An alternative approach treats MCP servers as a discoverable filesystem rather than a pre-loaded registry. Servers are organized in a directory tree where each server has its own subdirectory containing individual tool files:

text

servers/
├── github/
│   ├── createPullRequest.ts
│   └── index.ts
├── salesforce/
│   ├── updateRecord.ts
│   └── index.ts
└── analytics/
    ├── queryMetrics.ts
    └── index.ts

Instead of loading all definitions upfront, the agent navigates the filesystem to discover which servers exist, then reads only the specific tool file needed for the current step. An optional search_tools capability enables natural-language filtering — returning just tool names, descriptions, or full schemas depending on what the agent needs. Published benchmarks show this approach reduces definition overhead from 150,000 tokens to roughly 2,000 — a 98.7% reduction.

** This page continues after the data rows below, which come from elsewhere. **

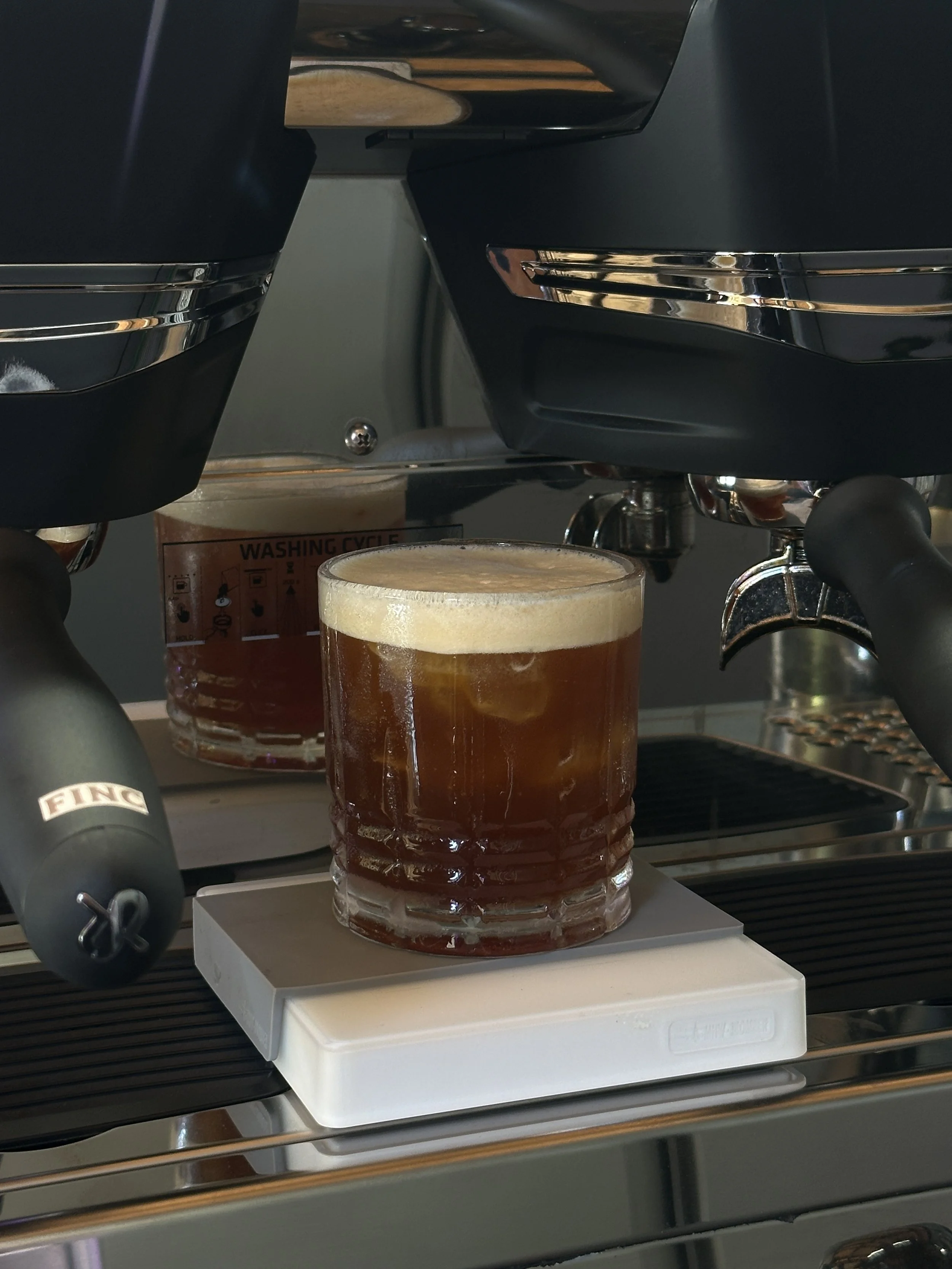 Double espresso over filtered water: a lighter profile without losing clarity or complexity.
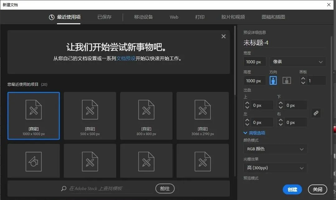新建文檔新建一個1000*1000像素的畫布,顏色模式為RGB。
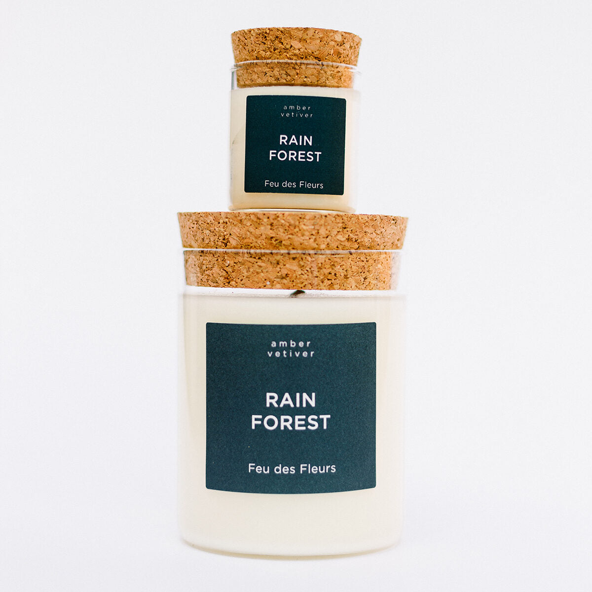 De Rain forest geurkaars is een kaars met tonen van musk, patchouli, vetiver, kruidige sinaasappel. Met een ondertoon van bloemige amber en dennen. Het moment dat de kaars begint te branden wordt de kamer gevuld met een herkenbare geur na een zomerse regenbui. Met de aardende geur van dennen en bossen. Een fijne en ontspannender geur.
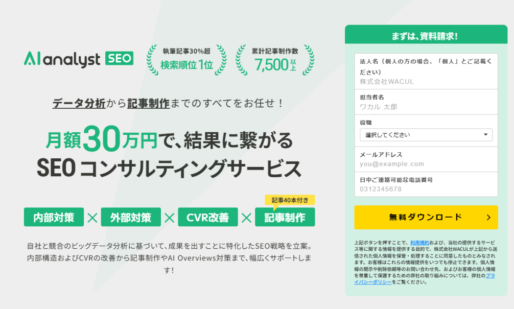株式会社WACULが提供する「SEOコンサル」は、月額30万円で戦略から実行まで一貫サポートする「SEOコンサルティング」サービスです。本サービスは、貴社サイトデータだけでなく、競合サイトや弊社が保有するビッグデータの分析に基づき、CV獲得に特化したSEO戦略を立案し、記事制作からCVR改善提案まで幅広くサポートいたします。SEOに関する情報収集をしている方や、現在のSEOにお悩みの方は、お気軽にご相談ください。
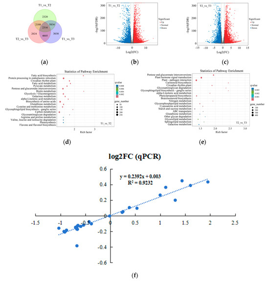 Transcriptomics analysis of petal color fading from T1 to T3: (a) Venn diagram of genes detected at T1, T2, and T3. (b,c) Volcano plots indicating gene numbers at T1 vs. T2 and T2 vs. T3. Red dots indicate upregulated genes, blue dots indicate downregulated genes, and gray dots indicate unchanged genes. (d,e) Rich factor analysis of significantly differentially expressed genes at T1 vs. T2 and T2 vs. T3. Dots indicate significantly differentially expressed metabolites, size of dots indicates metabolite counts, and color of dots indicates p-value. (f) Correlation analysis of selected genes between results of quantitative polymerase chain reaction (qPCR) and transcriptomics analysis. T1, T2, and T3: 2 d before flowering, flowering, and 2 d after flowering.
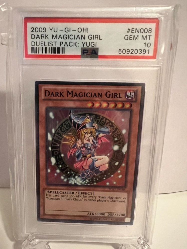 Product Features and Description Item: 2009 Yu-Gi-Oh! Dark Magician Girl #EN008 GEM PSA 10 Duelist Pack: YUGI Shipping, Handling and Delivery U.S. Residents' shipping details and options: USPS Standard Shipping: FREE Additional shipping features: Delivery Confirmation No Pickups, absolutely no exceptions will be made All packages are shipped on within 2-3 business days after payment. We ship only to PayPal provided addresses. Payment Options Via PayPal (Payments must be cleared before any shipments are made) Returns & Exchange Policy Returns are accepted within 14 days of delivery There will be a 15% restocking fee for returns Item must be in the same condition it was shipped in Buyer will pay for shipping and a restocking fee Our Policies Items for sale are described as accurately and to the best of our knowledge and according to the Manufacturer's details on the packaging labels. Please read the entire description of any items you intend to purchase or contact us if you have any questions and concerns.
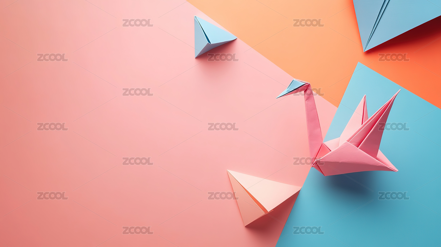彩色卡纸堆叠在桌面上形成简约抽象的色块
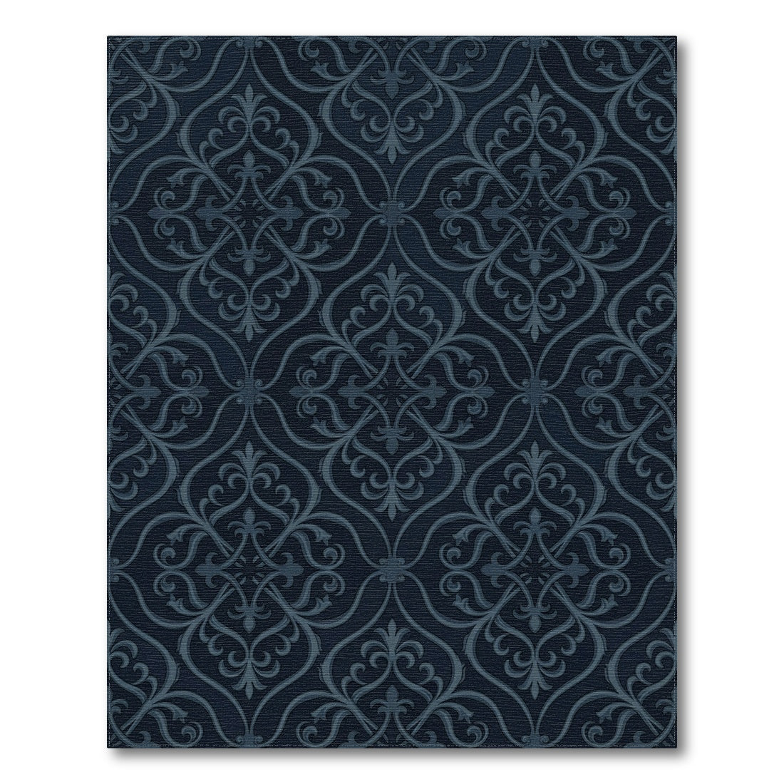 Drawing from the regal lineage of European textile heritage, this design reimagines the timeless damask motif with a contemporary, moody sensibility. The intricate, swirling vines invoke the hallowed artistry of Renaissance-era woven tapestries, yet the monochromatic navy palette lends it a modern, architectural weight. It is as if the silhouettes of formal garden lattices have been captured in the cooling dusk, resting in quiet, shadowy resonance. The repeating pattern creates a rhythmic, meditative flow, turning the simple act of crossing a room into a grounded, storied experience. When you lay this piece down, the floor ceases to be merely a surface—it becomes a foundation of calm, deep drama. For the soul that finds beauty in silence and order in complexity, this is more than decor. It is a declaration of refined taste that anchors the home. Walk upon history, live in grace, and let your space become a testament to the quiet power of tradition.
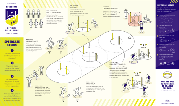 스피드게이트 웹사이트를 방문하면 세세한 규칙을 볼 수 있다. AKQA 측은 오레곤 스포츠 협회와 스피드게이트에 대해 얘기를 나누고 있으면 여름 무렵에는 지역 리그를 설립할 가능성도 있다고 한다. AKQA는 기존 400종류에 달하는 스포츠 정보를 신경망에 넣고 스피드게이트를 만들었다고 한다. 럭비나 축구, 농구 등을 섞어 혼합한 것 같은 스포츠가 탄생한 것이다.
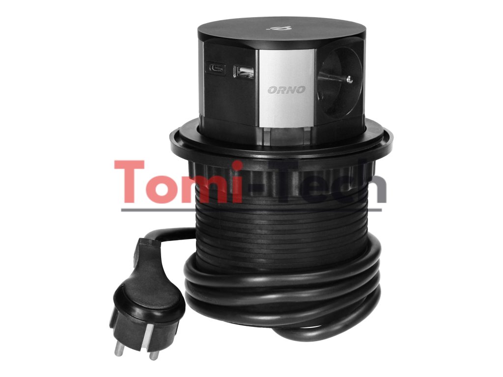 Nábytková zásuvka Ø10cm výsuvná zo stola s indukčnou nabíjačkou, USB nabíjačkou a 1,5m káblom, 3x2P+Z, Qi 1.2.4 max. 10W, USB A+C QC 3.0
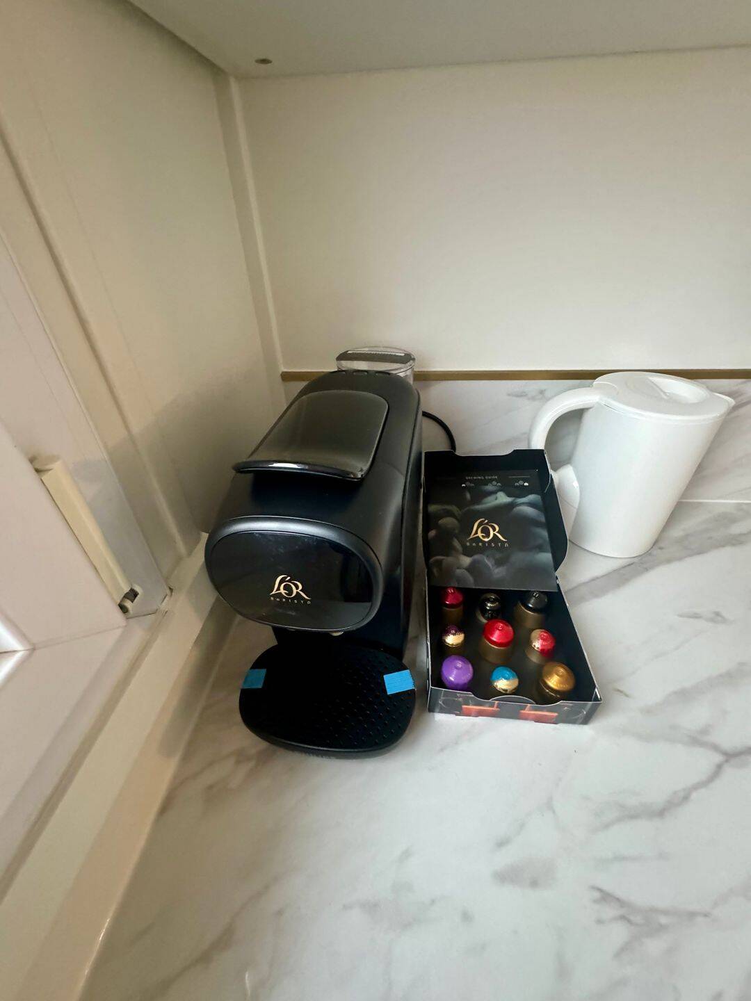 - Pour le petit-déjeuner pressé ou gourmand : bouilloire, machine à café, grille-pain complètent le tout.
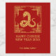 Eleganten nyår mönster har en kinesisk orm från guld med ett grekiskt ornament ram på röd bakgrund.
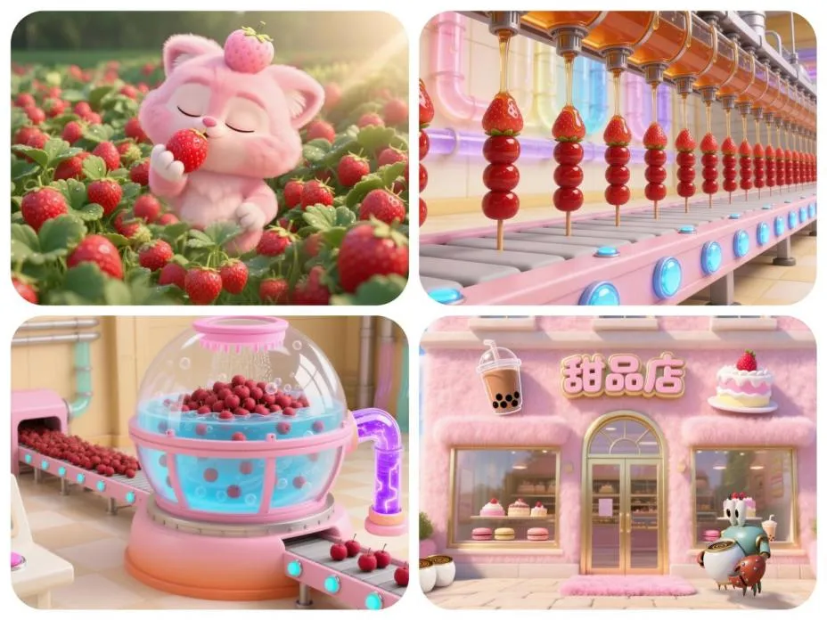 内容创作上,紧扣“治愈解压、寓教于乐”的核心。当下,短视频端流水线类治愈解压视频成为儿童及年轻人的新宠,“治愈、解压、舒适、情绪价值”成为高频词汇。项目团队顺势而为,通过温暖的事件引出解压的流水线制作过程,搭配温馨治愈的画风,让儿童在舒适的故事节奏和画面中,捕捉积极向上的情绪能量,同时了解实物的制作过程和原材料,实现娱乐与知识传递的双重效果。
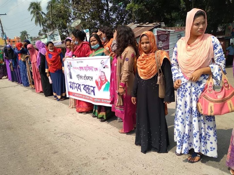 প্রেস বিজ্ঞপ্তি : বাংলাদেশ আওয়ামী লীগের সভাপতি ও সফল প্রধানমন্ত্রী শেখ হাসিনাকে নিয়ে কটুক্তির প্রতিবাদে বিক্ষোভ সমাবেশ ও মানববন্ধন করেছে পুঠিয়া উপজেলা যুব মহিলা লীগ।
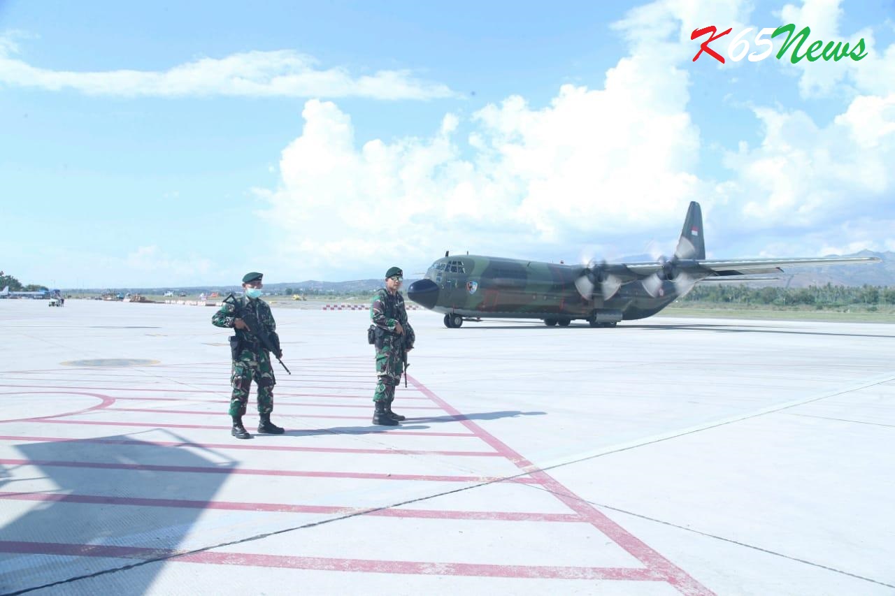 PALU – Sebanyak 346 personel TNI-Polri berhasil mensterilkan Bandara Mutiara Sis Al-Jufri dari kerumunan para pengungsi yang ingin keluar dari kota Palu, pasca bencana gempa bumi dan tsunami berkekuatan 7,7 skala richter yang telah mengguncang Kota Palu dan Kabupaten Donggala, Sulawesi Tengah, pada tanggal 28 September 2018.

Filtering Data Before It Reaches the Model

For data-intensive operations, the agent writes and executes filtering code locally rather than pulling raw results into the model's context. Consider a spreadsheet with 10,000 rows representing orders in various fulfillment states. Instead of returning all 10,000 rows to the model, the agent executes a script that filters locally and returns only the 5 rows with status 'pending'. The model sees a clean, targeted result rather than a massive data dump it would have to reason over.

This pattern also applies to log analysis, database queries, and any paginated API where the raw result set is orders of magnitude larger than the relevant subset.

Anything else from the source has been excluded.